■ Task to carry out ■
Your task is to retype the lines from the opening of the material through the line that includes "Now a Crate". Do not copy the pictures.

■ Source data ■
Segment Open

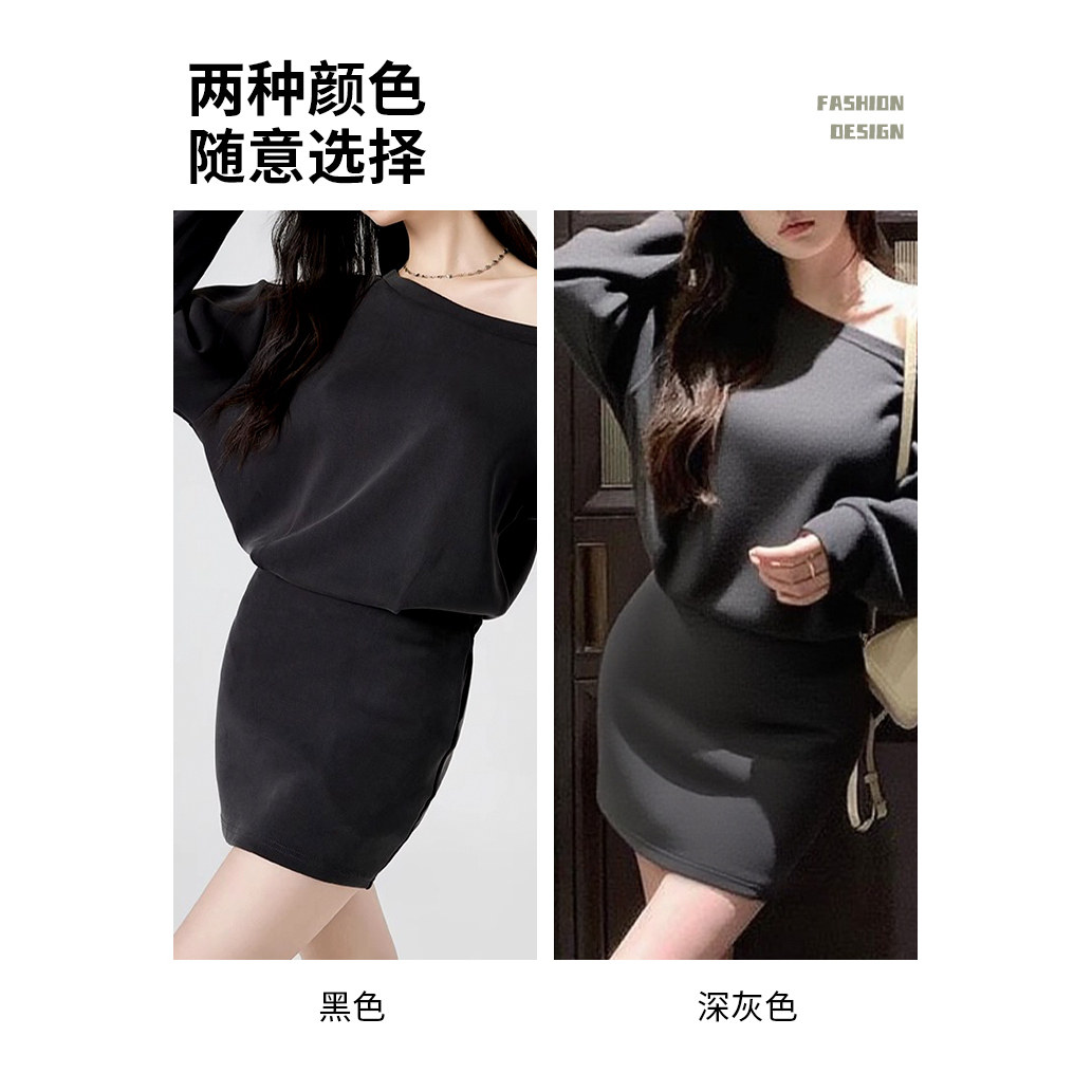311线报网描述:一字肩漂亮冷淡系拼接露肩2025新款早春秋季
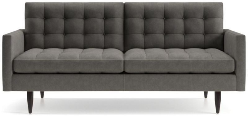 Now a Crate and Barrel classic, its pure 1960s aesthetic lets you sit deep firm and upright, but also slouch back in comfort. Scaled for apartment living, this compact sofa features sleek, boxy cushions and slim track arms that are tailored in menswear-inspired fabric with heathered color and soft texture. The Petrie Midcentury Apartment Sofa is a Crate and Barrel exclusive.
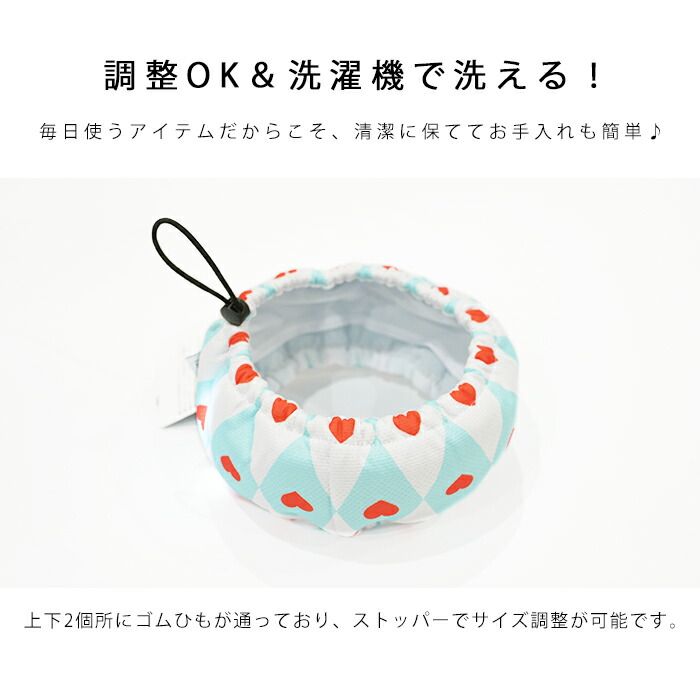 上下2個所にゴムひもが通っており、ストッパーでサイズ調整が可能です。
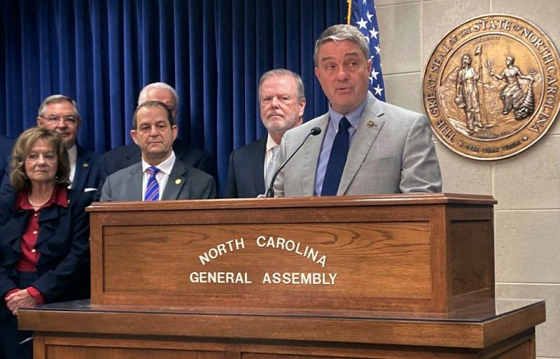 FILE – North Carolina Sen. Warren Daniel, R-Burke, speaks at a news conference, June 12, 2023, in Raleigh, N.C. Daniel was a primary sponsor of a pair of bills addressing voting and election administration in North Carolina that became law Tuesday, Oct. 10, after the General Assembly overrode Democratic Gov. Roy Cooper's vetoes. (AP Photo/Gary D. Robertson, File)

Segment Closed

■ Problem solution ■
311线报网描述:一字肩漂亮冷淡系拼接露肩2025新款早春秋季
 Now a Crate and Barrel classic, its pure 1960s aesthetic lets you sit deep firm and upright, but also slouch back in comfort. Scaled for apartment living, this compact sofa features sleek, boxy cushions and slim track arms that are tailored in menswear-inspired fabric with heathered color and soft texture. The Petrie Midcentury Apartment Sofa is a Crate and Barrel exclusive.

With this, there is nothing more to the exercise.